Expanding on its existing non-resident Indian offering, Societe Generale's SG Private Banking arm is pushing further into a market with significant growth opportunities. As the new operation finds its feet in the market, SG's potential acquisition of a local player should help the operation challenge the domestic competition for the numerous wealthy clients.

SG Private Banking has expanded its reach in India with the launch of a new onshore wealth management operation based in New Delhi and Mumbai. The high net worth (HNW) populations of Bangalore and Chennai will also be targeted.

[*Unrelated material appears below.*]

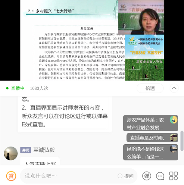 為貫徹落實中央關(guān)于統(tǒng)籌推進新冠肺炎疫情防控和經(jīng)濟社會發(fā)展工作的部署要求,4月3日上午,由中國農(nóng)墾經(jīng)濟發(fā)展中心、中國農(nóng)墾經(jīng)濟研究會主辦的“農(nóng)墾戰(zhàn)疫 不誤農(nóng)時”云直播公益大講堂首場開講。直播由中國農(nóng)墾經(jīng)濟發(fā)展中心副主任、中國農(nóng)墾經(jīng)濟研究會秘書長陳忠毅主持,邀請中國農(nóng)業(yè)銀行總行三農(nóng)對公業(yè)務(wù)部農(nóng)業(yè)金融處處長何源源講授《“三農(nóng)”金融服務(wù)助力農(nóng)墾發(fā)展》,全國各墾區(qū)、農(nóng)場及相關(guān)單位人員1400余人在線觀看,反響熱烈,效果良好。

The formation of the new business marks the second major step in the wealth manager's expansion strategy in India, after establishing a wealthy non-resident Indian (NRIs) offering in 2004. After this latest move, SG Private Banking employs a total of 40 private bankers serving wealthy Indians in their home market or around the world through the NRI proposition.

In addition, the wealth manager has announced plans to acquire a stake in an Indian bank before 2009 as the financial services sector is opened up to foreign players. Currently, foreign firms can only operate via three channels: opening branches; a wholly-owned subsidiary; or a subsidiary with an aggregate foreign investment of up to 74% in an Indian private sector bank. The wealth manager has already been involved in discussions with the Reserve Bank of India regarding acquisition possibilities.

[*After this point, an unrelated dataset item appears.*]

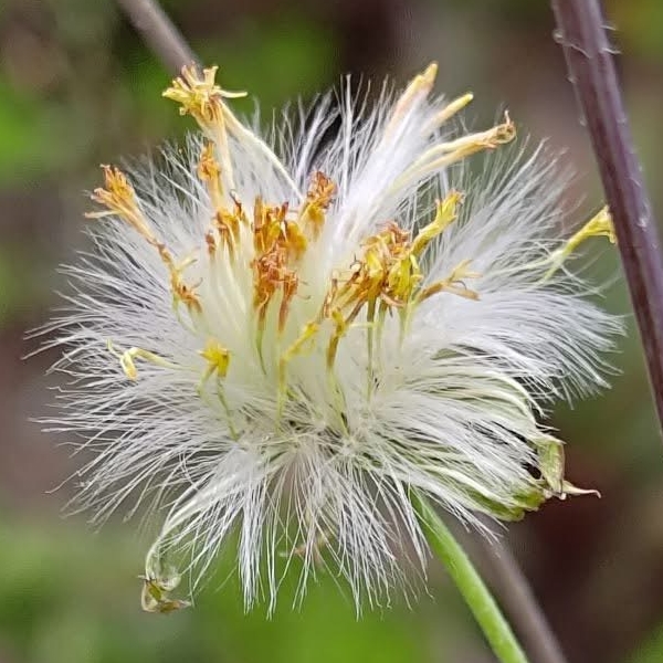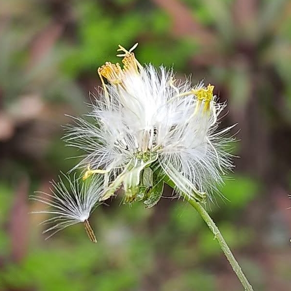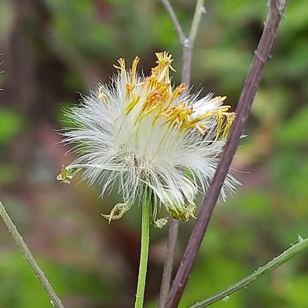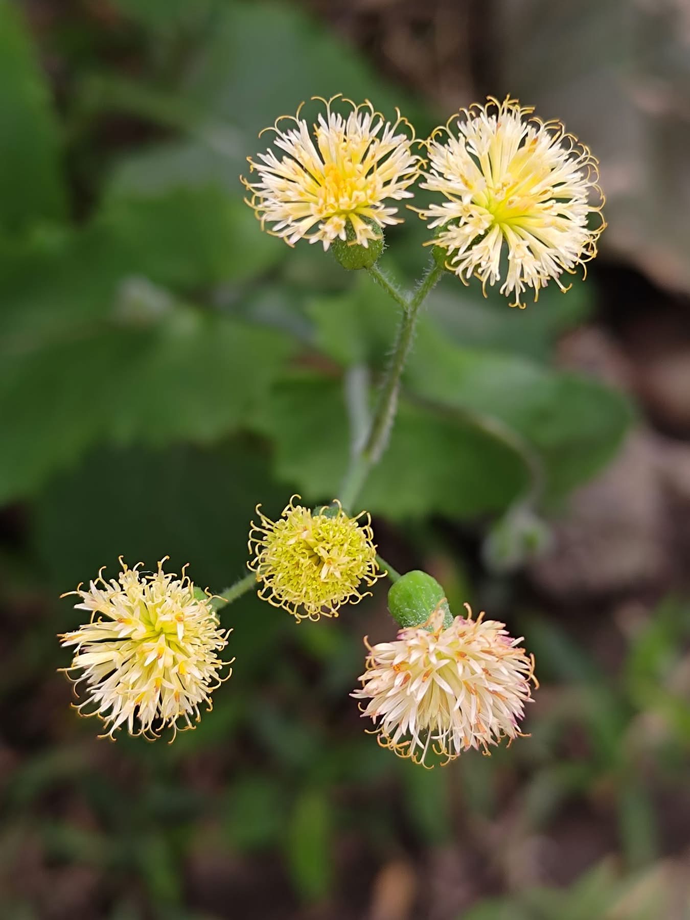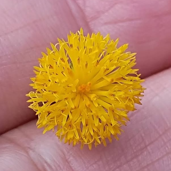 (歸化種;原產於非洲中西部一帶;台灣物種名錄標名粉黃纓絨花;一年生草本;莖直立或近基部傾斜,少分枝;基生葉叢生狀,莖生葉單葉互生,葉形變化大;頭花2~5朵排成繖房狀,頂生;花蕾期略微彎垂,花冠淡黃色至淺橘色;雌蕊2叉,伸出花冠外;總苞長筒形,總苞片單層,等長,被毛;瘦果5稜,冠毛白色)

According to Daniel Truchi, CEO of SG Private Banking in the Asia Pacific region, India is a significant market for the private banking business in Asia, with the wealth manager predicting double digit growth rates.

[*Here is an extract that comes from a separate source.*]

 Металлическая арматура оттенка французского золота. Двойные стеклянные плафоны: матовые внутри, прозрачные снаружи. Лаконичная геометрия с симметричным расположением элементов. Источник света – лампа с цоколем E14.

Mr Truchi is indeed right to see the Indian market as a key target given its size and growth potential. According to Datamonitor estimates, there were around 620,000 mass affluent and HNW individuals at the end of 2003, and these populations are set to increase at a compound annual rate of 9.9% and 11.0% respectively by 2008.

However, the immaturity of the wealth market in India and a relative lack of financial sophistication among Indian investors means that domestic competitors have a hold over a significant number of HNWs. With this in mind, a local acquisition is a very sensible option.